### Aim of the task:
The answer consists of the lines from the line holding "フィルム施工の際は、内装パネ" through the last line of the entries, retyped exactly, and nothing else. No pictures belong in it.

### Extracted data:
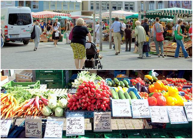 另一侧卖农副食品 ,蔬菜、水果都是明码标价,按1:8算算可能认为1磅的人民币价钱不算太贵,可有些是以个为单位计价,就不好说了。我们花6欧元买了1磅大樱桃,还可以接受吧。
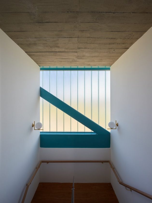• Two blue-painted metal trusses span the second floor, creating a 7-meter cantilever that shades the garage. The steel structure was assembled in just five days.
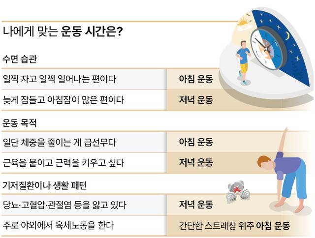 운동은 아침과 저녁 중 언제 하는 게 좋을까. 약속이 잦은 저녁 대신 새벽에 움직이는 게 나을까. 하루 일과를 마친 저녁에 하고 꿀잠을 청하는 게 더 효과적일까. 김지형 서울대학교 정형외과 교수의 도움말로 알아본다.
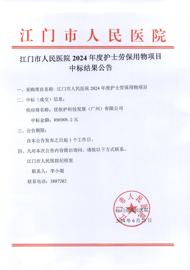 江门市人民医院2024年护士劳保用物项目中标结果公告
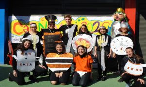 Va ser una festa molt divertida on cadascun del grups de l’escola anava disfressat acord amb la temàtica de la coreografia que havien preparat. Cada grup d’infantil i primària es va disfressar del país que representa la seva aula i que s’engloba dins del projecte de “Les cases del món”. Els grups de secundària és van disfressar de la pel·lícula Grease.
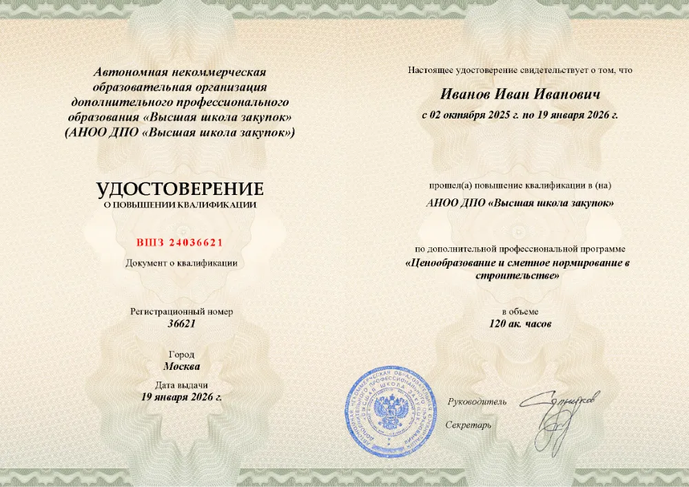 Профессиональная переподготовка, 520 академических часов, 7 модулей: сметно-нормативные базы в строительстве и виды строительства, экономическое содержание сметной стоимости, определение стоимости материалов и техники с конъюнктурным анализом цен, особенности расчета на монтаж оборудования и пусконаладочные работы, практические навыки составления смет в MS Excel методами БИМ и РМ, профессиональная работа в программе «ГРАНД-Смета». Онлайн-обучение в в Кирове с итоговой аттестацией и выдачей диплома.
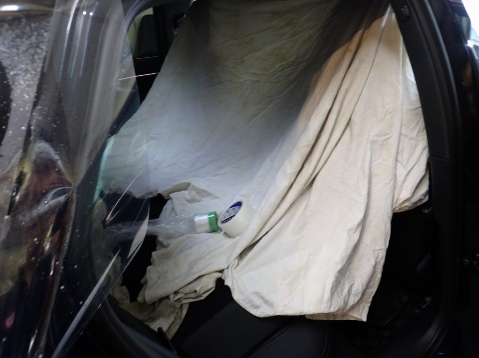フィルム施工の際は、内装パネルなどを丁寧に取り外し、車内を傷つけたり汚したりしないよう、しっかりと養生(保護)を施しながら作業を進めます。
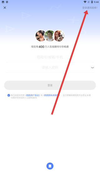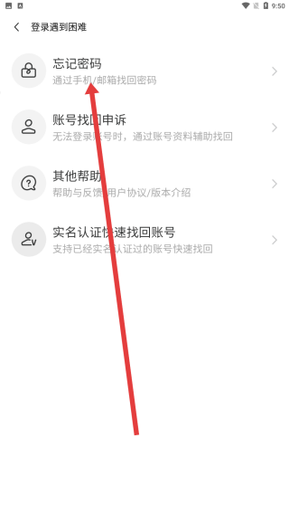 2、在登錄遇到困難頁面選擇忘記密碼選項,通過手機或郵箱方式找回密碼。
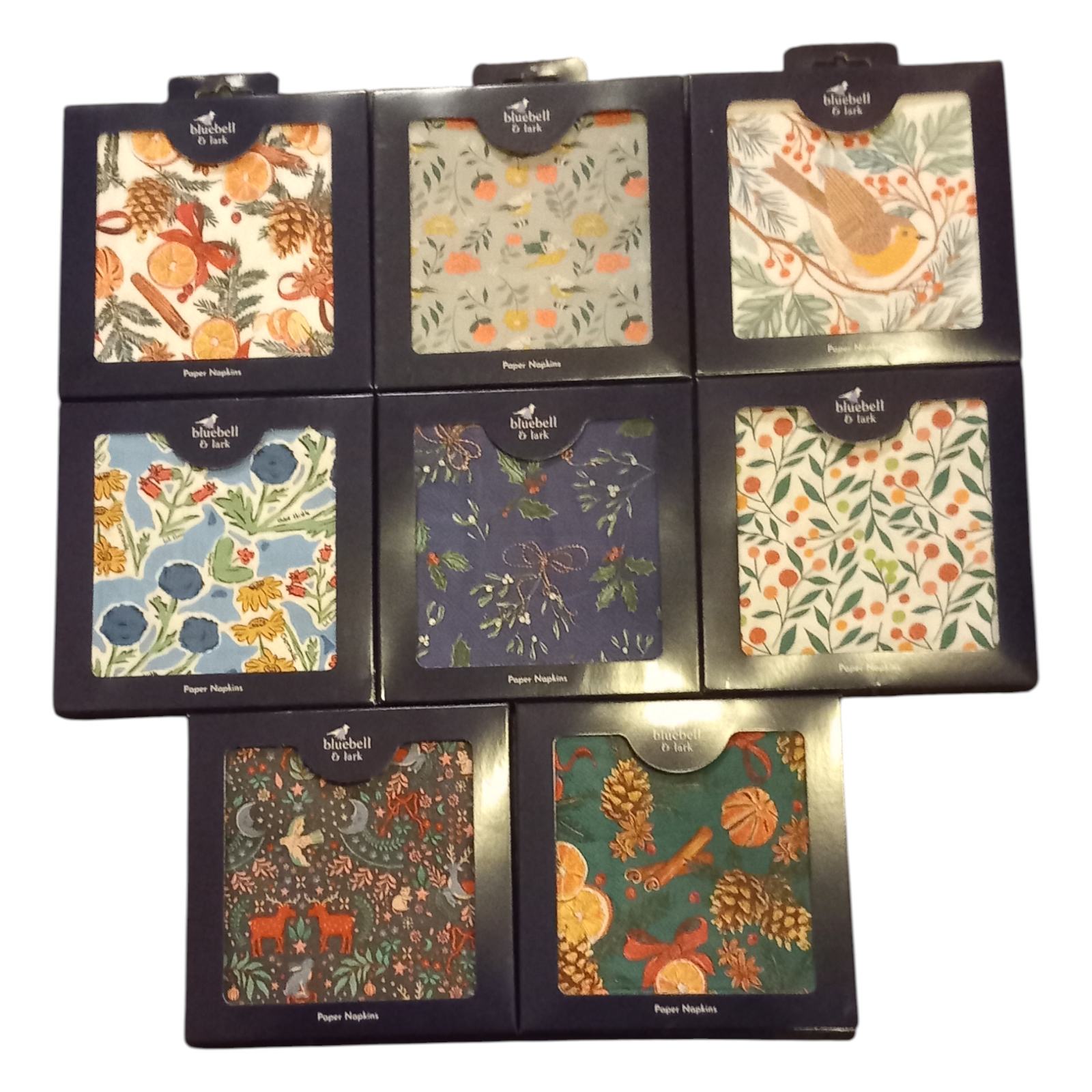 Festive Paper Table Napkins - Bluebell & Lark Plastic-Free 3ply 33cm x 33cm Xmas

### Final answer:
フィルム施工の際は、内装パネルなどを丁寧に取り外し、車内を傷つけたり汚したりしないよう、しっかりと養生(保護)を施しながら作業を進めます。
 2、在登錄遇到困難頁面選擇忘記密碼選項,通過手機或郵箱方式找回密碼。
 Festive Paper Table Napkins - Bluebell & Lark Plastic-Free 3ply 33cm x 33cm Xmas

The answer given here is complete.